Richard Towneley, Henry Power, Robert Boyle chemistry |
Boyle’s law
For a given mass of confined gas, if you keep its temperature the same, its pressure times its volume is constant. So had Richard Towneley and Henry Power asserted, and so, with the help of Robert Hooke, Robert Boyle established by experiment and published in 1662.

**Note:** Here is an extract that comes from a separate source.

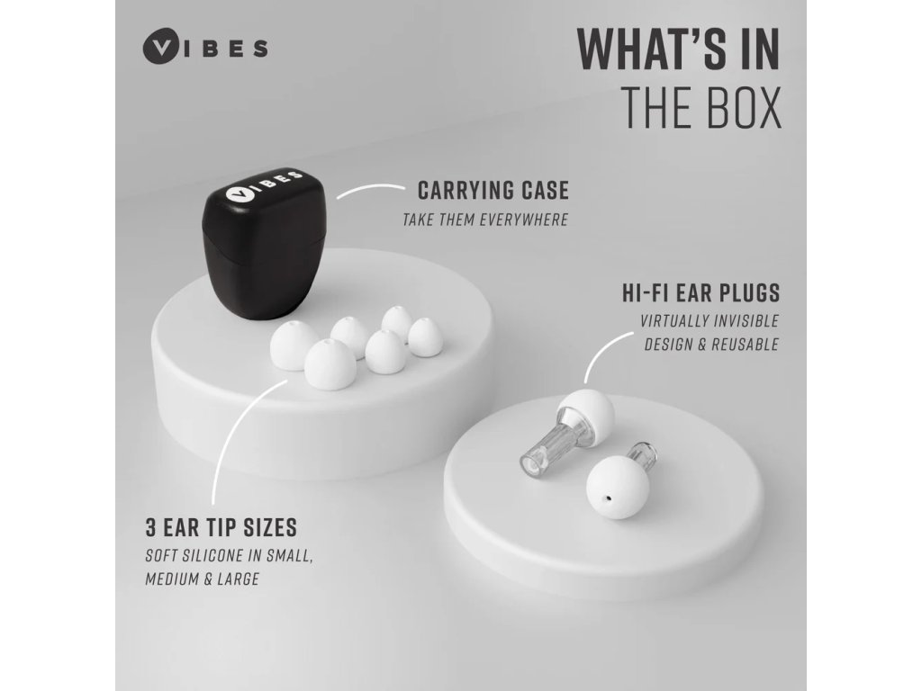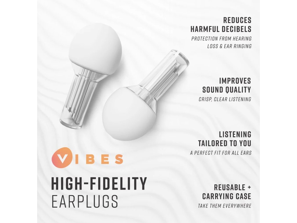Vibes sú znovu použiteľné štuple do uší stvorené pre kvalitu zvuku. Tradičné penové štuple do uší tlmia len vysoké frekvencie, nie nízke (bass) zvuky, čo spôsobuje to, že zvuk, ktorý počujete, je skreslený. V porovnaní s tým štuple Vibes znižujú hlasitosť všetkých frekvencií rovnako od bassu po vysoké frekvencie. Vďaka tomu počujete zvuky čistejšie, len pri tichšej hlasitosti. Štuple Vibes zlepšujú váš zážitok z hudobného vystúpenia.

Atomic kinetic thermodynamics
Towneley and Power used a barometer and made their observation of air at different altitudes up Pendle Hill. Hooke built an air pump for Boyle with which they experimented with different pressures and volumes. Isaac Newton showed mathematically, for an elastic fluid at rest, that density is proportional to pressure. Daniel Bernoulli derived Boyle’s law from Newton’s laws of motion applied to the movements of molecules. John James Waterston generalized the equation by showing that pressure times volume divided by temperature is constant. Boyle’s law was the first step in the kinetic theory of gases, but at the time they thought that air was one of the four elements. Much later, physicists still thought that the existence of atoms and molecules was hypothetical and controversial.
Ideal gases
You can sometimes see a thing even though you don’t believe it, and, seeing it, understand its essence, not as it actually is, transparent and invisible, but like a glass clock, whose glass gears turn incrementally to count the seconds. However, such events are rare and magical. They can’t be counted on and won’t be believed. Only years later can we distinguish the genius from the madman.
John Dalton proposed his atomic theory in 1808. Robert Brown discovered Brownian motion in 1837. The controversy over the existence of atoms was not settled until 1908 by Ludwig Boltzmann, Albert Einstein, and Jean Baptiste Perrin.
The works of Bernoulli (1738) and Waterston (1843) were ignored until James Clerk Maxwell, James Prescott Joule, Rudolf Clausius, and Ludwig Boltzmann established the kinetic theory of gases by 1871.